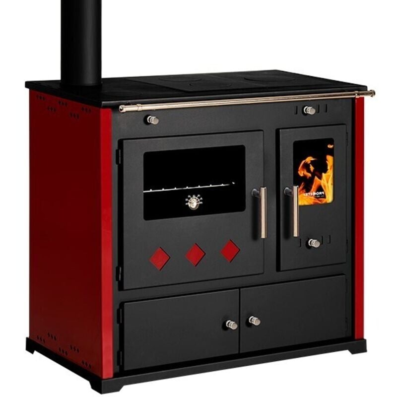 Cuisinière à Bois Prometey Pr. Lux Eco – 9,5 kW Plaque en Fonte, Design Élégant, Efficacité Énergétique et Sortie de Fumée à Gauche
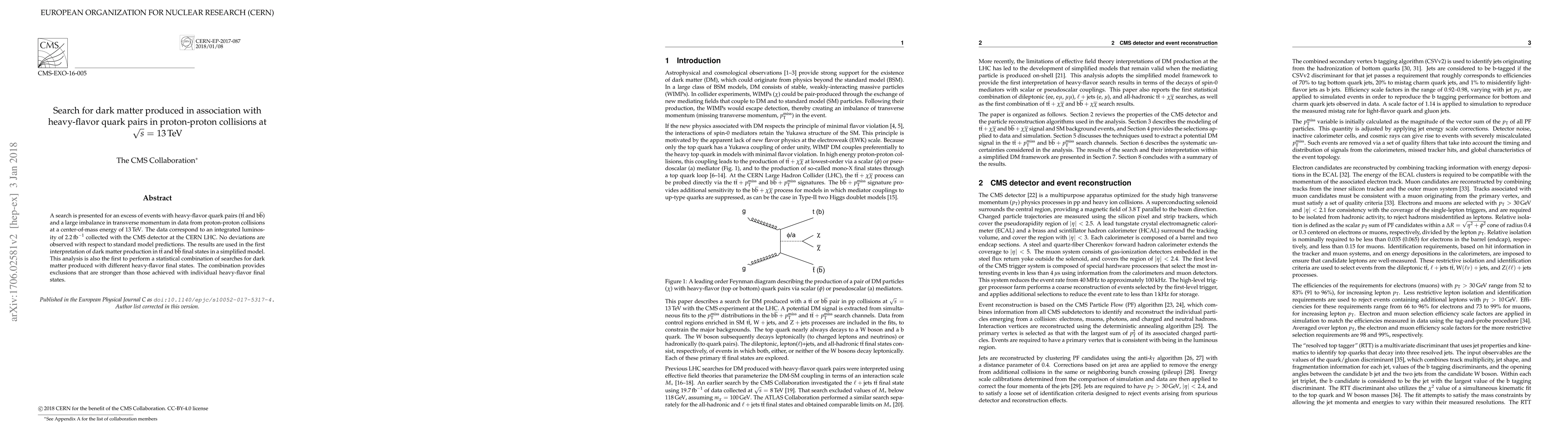 Researchers searched for dark matter particles produced in association with heavy-flavor quarks in proton-proton collisions at 13 TeV, finding no evidence of deviations from standard model predictions. The analysis set a new exclusion limit for dark matter production in heavy-flavor final states.
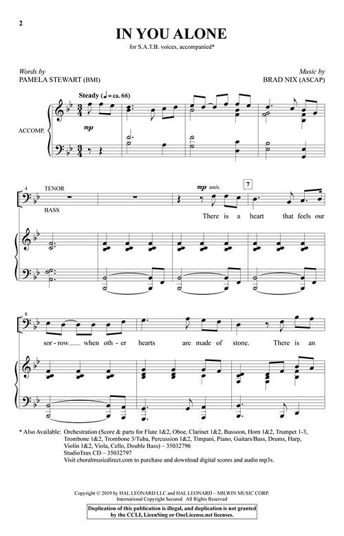 A tender song of testimony, this song takes the listener into the heart of divine mercy and love. The poetry is filled with hopeful, truthful images of God's presence along the journey of life. The mu...
- - - - -
→ **Task goal**
Skipping all images, output the listing exactly.

→ **Response box**
 Cuisinière à Bois Prometey Pr. Lux Eco – 9,5 kW Plaque en Fonte, Design Élégant, Efficacité Énergétique et Sortie de Fumée à Gauche
 Researchers searched for dark matter particles produced in association with heavy-flavor quarks in proton-proton collisions at 13 TeV, finding no evidence of deviations from standard model predictions. The analysis set a new exclusion limit for dark matter production in heavy-flavor final states.
 A tender song of testimony, this song takes the listener into the heart of divine mercy and love. The poetry is filled with hopeful, truthful images of God's presence along the journey of life. The mu...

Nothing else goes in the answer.